→ **MATERIALS PROVIDED**:
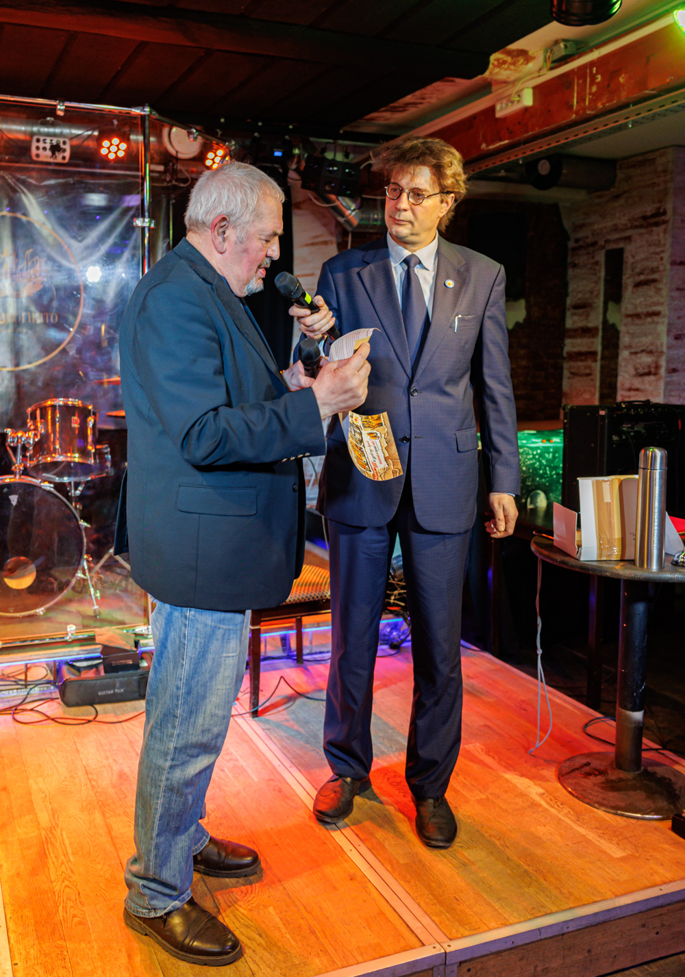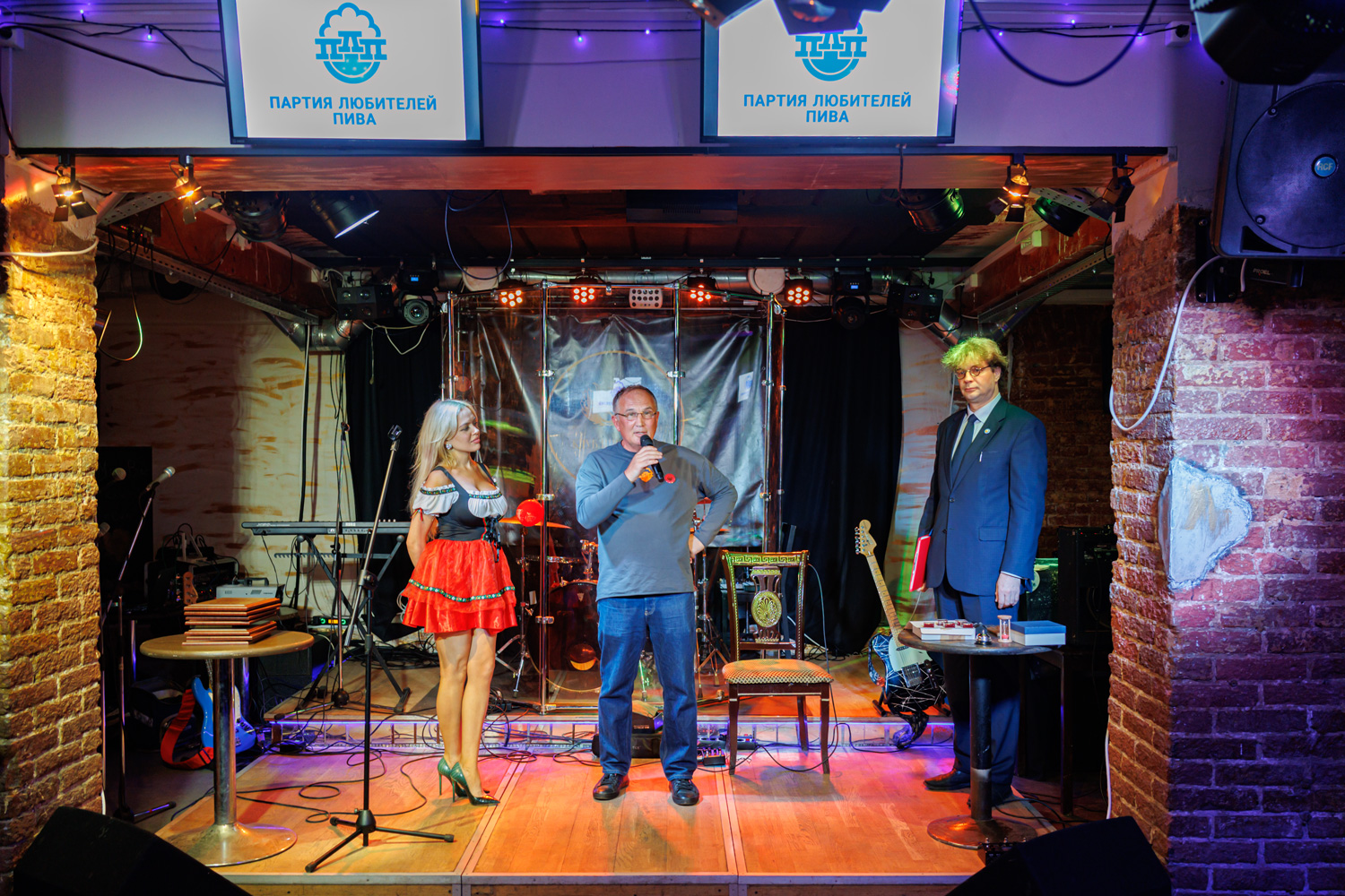 "Партия Любителей Пива" - была организована и зарегистрирована уже 30 лет назад, хотя сейчас находится в стадии ожидания перерегистрации и вечеринка под названием "Политика, разлитая по кружкам" была по большей части посвящена чествованию ветеранов. Вручали памятные знаки, вручили и мне, хотя формально я и не состоял членом партии, но 25 лет назад, Сергей Непрокин, секретарь воронежского отделения ПЛП вручил мне партбилет, который у меня конечно сохранился (лежит в левом кармане пиджака, прямо над сердцем ;-) . После торжественной части (включавшей просмотр фильма о партии, а также составления письма потомкам) был дан "живой" концерт, ну а пиво на встрече было тоже "живое", от пивоварни "Старый Байкер Белая Борода" из Иваново. Пили 4 сорта: "Лагер", "Венское", "Карамельное" и "Стаут". Про пиво подробнее расскажу в своем следующем выпуске "Ящик пива". Кстати, среди гостей, был посол Австрии в РФ (в прошлом году, их "Партия Пива" участвовала в выборах австрийского парламента). |
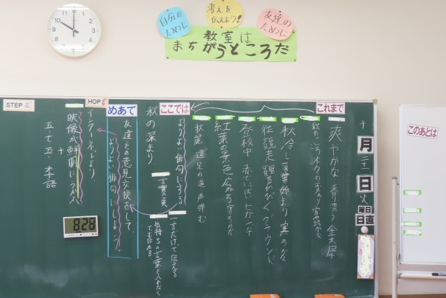 「秋の深まり」の学習中。「ここでは」今の秋(やっと感じられます)を俳句で表現します。短いことばで表す表現方法なので、伝えたい思いをどう表すかじっくり考えます。今日は、一度完成した俳句を、「さらによりよい俳句」にするためにまた考えてみます。友達の意見も参考になります。そして、大切なのは、さらによりよいって?ここが考えられたことです。俳句が表す秋の光景が鮮明に浮かんでくるようにしたい!仕上がりが楽しみです。
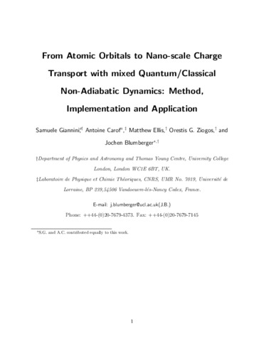 Title: | From Atomic Orbitals to Nano-scale Charge Transport with Mixed Quantum/Classical Non-adiabatic Dynamics: Method, Implementation and Application |
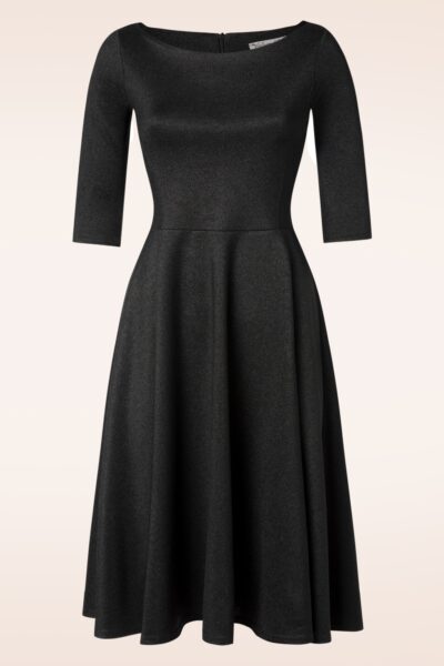 Voel je classy en feminine in Nina! Ze is uitgevoerd in een soepele en stretchy zwarte stof met een all-over subtiel glittertje.  * Boothals * Gevoerde top * 3/4 mouwen * Blinde rits achterzijde * Valt bij een lengte van 1,70 m over de knie * Let op; de kleur van het product op de video kan afwijken van de daadwerkelijke kleur van het product
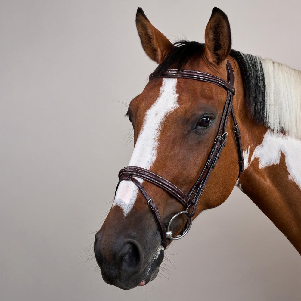 Dieses Trensenzaum gehört zur US-Kollektion, was bedeutet, dass die Nähte in Creme gehalten sind. Die Schnallen bestehen aus Edelstahl. Erhältlich in braun und schwarz.

→ **PROBLEM TO WORK ON**: When a picture appears in the material, please pass over it while retyping the rest exactly.

→ **REPLY**:
 "Партия Любителей Пива" - была организована и зарегистрирована уже 30 лет назад, хотя сейчас находится в стадии ожидания перерегистрации и вечеринка под названием "Политика, разлитая по кружкам" была по большей части посвящена чествованию ветеранов. Вручали памятные знаки, вручили и мне, хотя формально я и не состоял членом партии, но 25 лет назад, Сергей Непрокин, секретарь воронежского отделения ПЛП вручил мне партбилет, который у меня конечно сохранился (лежит в левом кармане пиджака, прямо над сердцем ;-) . После торжественной части (включавшей просмотр фильма о партии, а также составления письма потомкам) был дан "живой" концерт, ну а пиво на встрече было тоже "живое", от пивоварни "Старый Байкер Белая Борода" из Иваново. Пили 4 сорта: "Лагер", "Венское", "Карамельное" и "Стаут". Про пиво подробнее расскажу в своем следующем выпуске "Ящик пива". Кстати, среди гостей, был посол Австрии в РФ (в прошлом году, их "Партия Пива" участвовала в выборах австрийского парламента). |
 「秋の深まり」の学習中。「ここでは」今の秋(やっと感じられます)を俳句で表現します。短いことばで表す表現方法なので、伝えたい思いをどう表すかじっくり考えます。今日は、一度完成した俳句を、「さらによりよい俳句」にするためにまた考えてみます。友達の意見も参考になります。そして、大切なのは、さらによりよいって?ここが考えられたことです。俳句が表す秋の光景が鮮明に浮かんでくるようにしたい!仕上がりが楽しみです。
 Title: | From Atomic Orbitals to Nano-scale Charge Transport with Mixed Quantum/Classical Non-adiabatic Dynamics: Method, Implementation and Application |
 Voel je classy en feminine in Nina! Ze is uitgevoerd in een soepele en stretchy zwarte stof met een all-over subtiel glittertje.  * Boothals * Gevoerde top * 3/4 mouwen * Blinde rits achterzijde * Valt bij een lengte van 1,70 m over de knie * Let op; de kleur van het product op de video kan afwijken van de daadwerkelijke kleur van het product
 Dieses Trensenzaum gehört zur US-Kollektion, was bedeutet, dass die Nähte in Creme gehalten sind. Die Schnallen bestehen aus Edelstahl. Erhältlich in braun und schwarz.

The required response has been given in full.